- _Exercise_: All of the data is to be written out again exactly, without the pictures.

- _Input data_:
▬▬▬▬▬▬▬▬▬▬
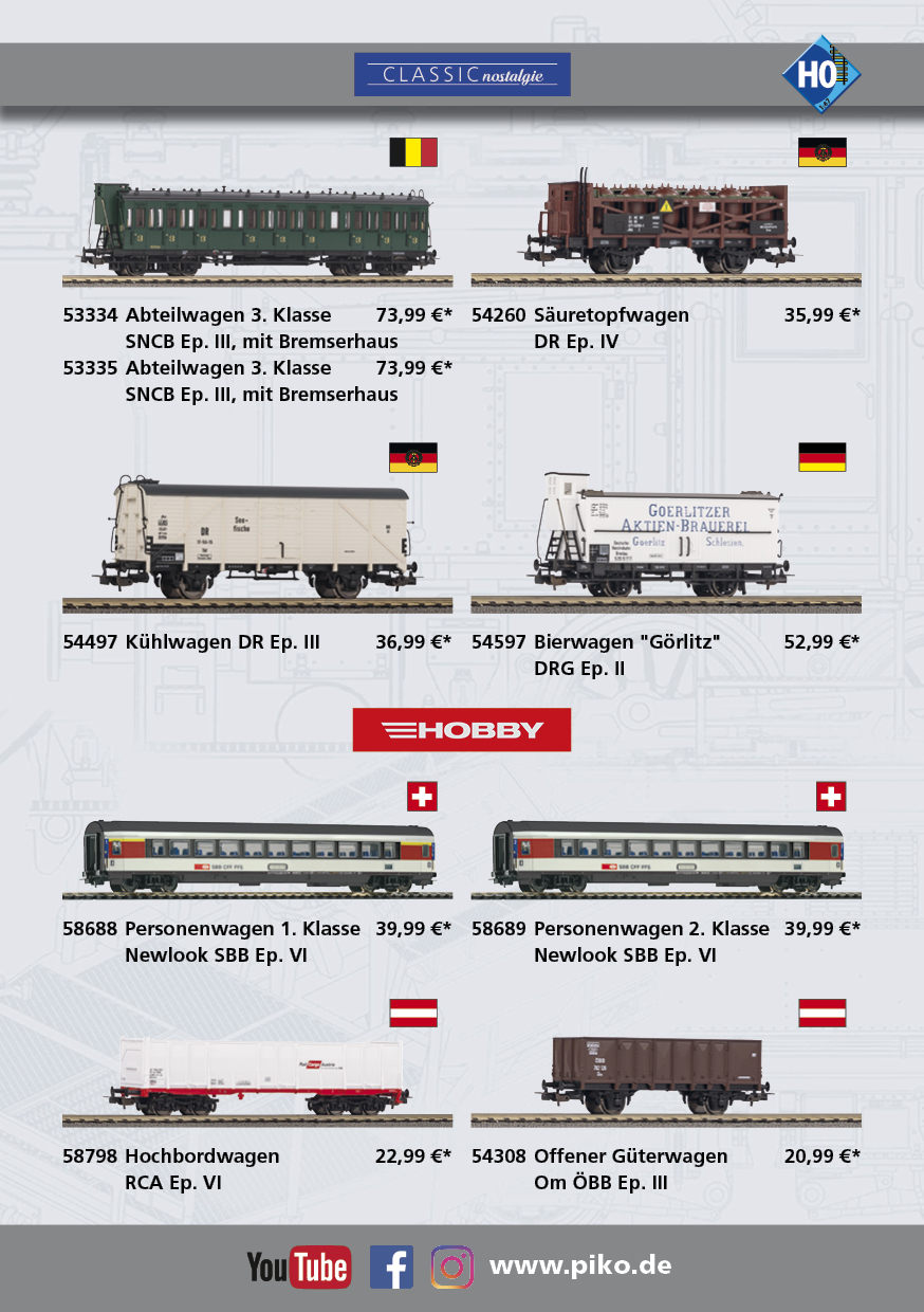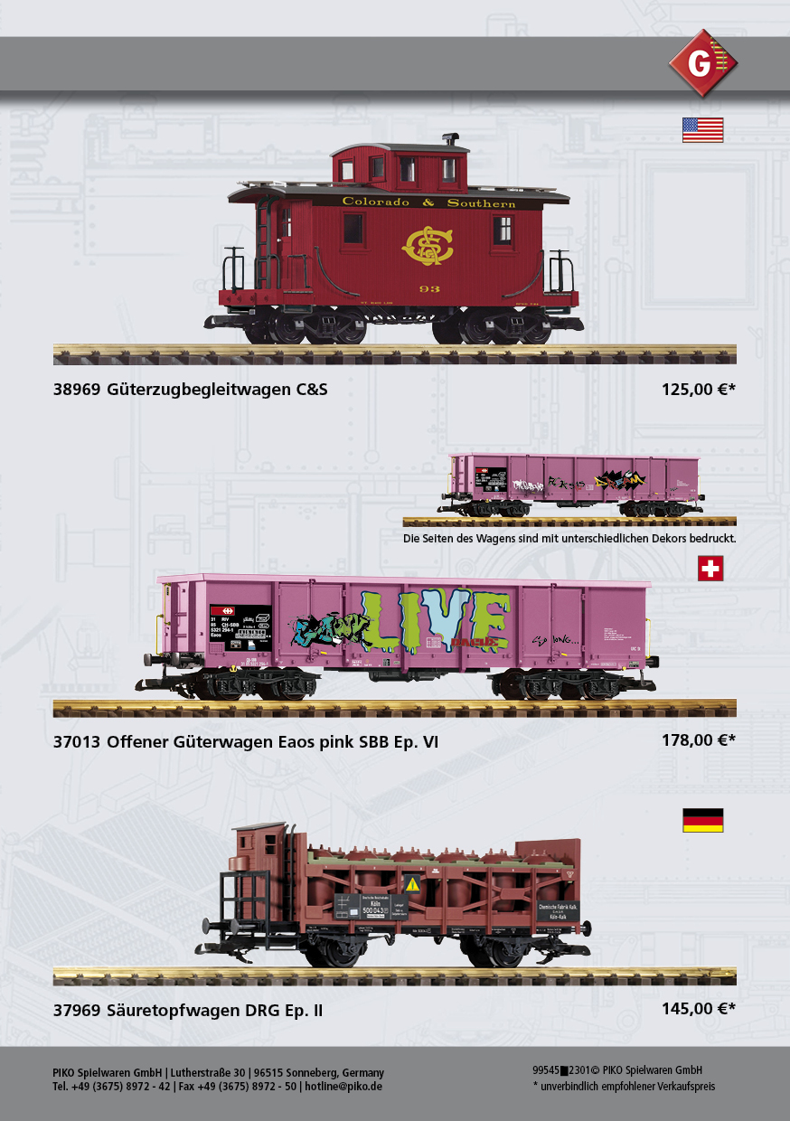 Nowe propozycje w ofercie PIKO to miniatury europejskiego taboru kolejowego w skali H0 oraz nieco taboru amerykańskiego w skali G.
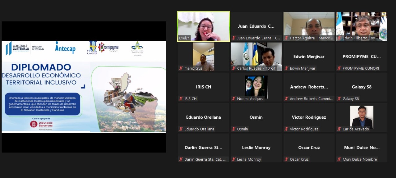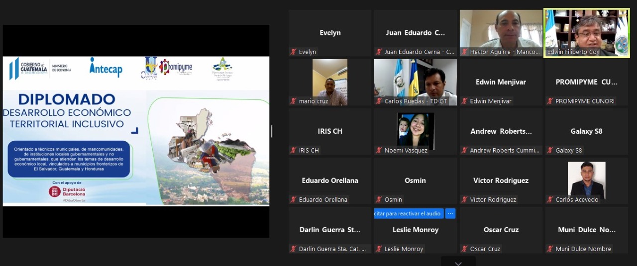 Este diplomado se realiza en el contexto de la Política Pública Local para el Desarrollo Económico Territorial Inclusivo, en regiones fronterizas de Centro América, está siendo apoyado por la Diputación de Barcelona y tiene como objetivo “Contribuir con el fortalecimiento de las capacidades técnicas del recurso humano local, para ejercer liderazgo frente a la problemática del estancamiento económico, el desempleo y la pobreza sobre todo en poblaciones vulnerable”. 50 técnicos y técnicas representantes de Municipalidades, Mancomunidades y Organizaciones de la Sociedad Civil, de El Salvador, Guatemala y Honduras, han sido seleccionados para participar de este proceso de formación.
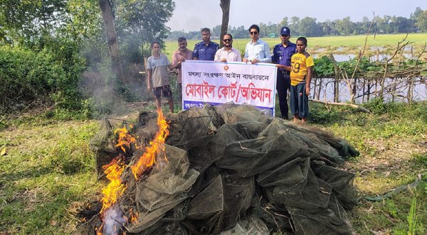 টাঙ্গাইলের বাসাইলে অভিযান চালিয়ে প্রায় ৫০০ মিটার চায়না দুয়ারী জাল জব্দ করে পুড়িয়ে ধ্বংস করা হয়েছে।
▬▬▬▬▬▬▬▬▬▬
- _Response area_:
 Nowe propozycje w ofercie PIKO to miniatury europejskiego taboru kolejowego w skali H0 oraz nieco taboru amerykańskiego w skali G.
 Este diplomado se realiza en el contexto de la Política Pública Local para el Desarrollo Económico Territorial Inclusivo, en regiones fronterizas de Centro América, está siendo apoyado por la Diputación de Barcelona y tiene como objetivo “Contribuir con el fortalecimiento de las capacidades técnicas del recurso humano local, para ejercer liderazgo frente a la problemática del estancamiento económico, el desempleo y la pobreza sobre todo en poblaciones vulnerable”. 50 técnicos y técnicas representantes de Municipalidades, Mancomunidades y Organizaciones de la Sociedad Civil, de El Salvador, Guatemala y Honduras, han sido seleccionados para participar de este proceso de formación.
 টাঙ্গাইলের বাসাইলে অভিযান চালিয়ে প্রায় ৫০০ মিটার চায়না দুয়ারী জাল জব্দ করে পুড়িয়ে ধ্বংস করা হয়েছে।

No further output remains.